The group of employees – five former and one current – claims that GRSA owes them about $1.2 million in unpaid superannuation and entitlements.
The claims are made in a submission to the state parliamentary inquiry into wage theft in South Australia, published over the weekend.
Last year, the Marshall Government announced it would spend $4.85 million compensating South Australia’s greyhound, horse and harness racing industries for a tax imposed by its Labor predecessor “to protect local jobs”.
One of the former workers, Adam Jaworski, says he is owed about $300,000 in entitlements including superannuation because GRSA mis-categorised him as a contractor between 2003 and 2016.
He claims he should have been paid as an employee because he worked exclusively for the organisation over those 13 years and should have been paid entitlements including annual leave, long service leave and superannuation for the period.
Jaworski says GRSA agreed to make him an employee in July last year and later offered him a $25,000 settlement, but he rejected the offer.
He says GRSA dismissed him in October 2018 and later offered a larger settlement, $60,000, which he says he also rejected.
Jaworski told InDaily losing his job had caused financial and emotional hardship for his family, which is now relying on a single income from his partner.
He added that two other workers – who signed the submission to the parliamentary inquiry but their identities are redacted from the document – were dismissed in similar circumstances during the past two years.
“We … have bared the burden and costs for many years of underpayment and felt the adverse effects and uncertainty to our personal and financial lives,” the submission reads.
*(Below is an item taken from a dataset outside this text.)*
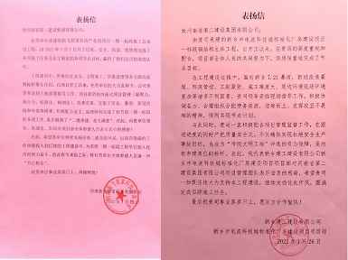112022.02新乡建工建设有限公司和河南新飞智家科技有限公司向九游·官方端web站入口-JiuYou j9(中国)发来表扬信 -

“While each of our matters are in various stages of mediation and litigation … some cases have been brought forward to the third parties: Australian Tax Office, South Australian Employment Tribunal and Fair Work Ombudsman.”
GRSA chairman Grantley Stevens told InDaily this morning that his organisation does not accept that the signatories to the submission were employees.
“GRSA does not accept that the parties to the submission were employees but rather were independent contractors,” said Stevens in a statement.
“They all held themselves out to be independent contractors and were compensated accordingly for their services.
“GRSA is dealing with various claims from the parties to the submission and cannot comment further at this stage.”
In a letter dated March this year Treasurer Rob Lucas thanked Jaworski and the other GRSA workers for raising the concerns.
In July last year, Minister for Sports and Recreation Corey Wingard announced that the Marshall Government would spend $4.85 million to protect local jobs in the racing industry and compensate it for the introduction of a betting operations tax by the former Weatherill Government.
The funding went to Racing SA, which distributed it between Greyhound Racing SA, Thoroughbred Racing SA and Harness Racing SA.
According to a report in The Advertiser last month, GRSA has returned its $269,000 share to Racing SA while it takes the other two organisations to Federal Court, arguing that it should have received a greater share and seeking “equitable compensation”.
Wingard argued last year that the betting operations tax had undermined the racing industry and threatened jobs.
“The state’s $400 million racing industry is enormously valuable to our economy and supports 3,600 South Australian jobs, from trainers and jockeys to all other support staff,” Wingard said at the time.
“They’ve reported significant revenue losses in the past year which could potentially result in job losses throughout the industry.
“That’s why the State Government is providing this assistance, to ensure the viability of an important industry that supports thousands of South Australian jobs.”
A spokesperson for Wingard told InDaily this morning it was inappropriate to comment because the GRSA employees’ submission was before the committee. Treasurer Rob Lucas for also approached for comment.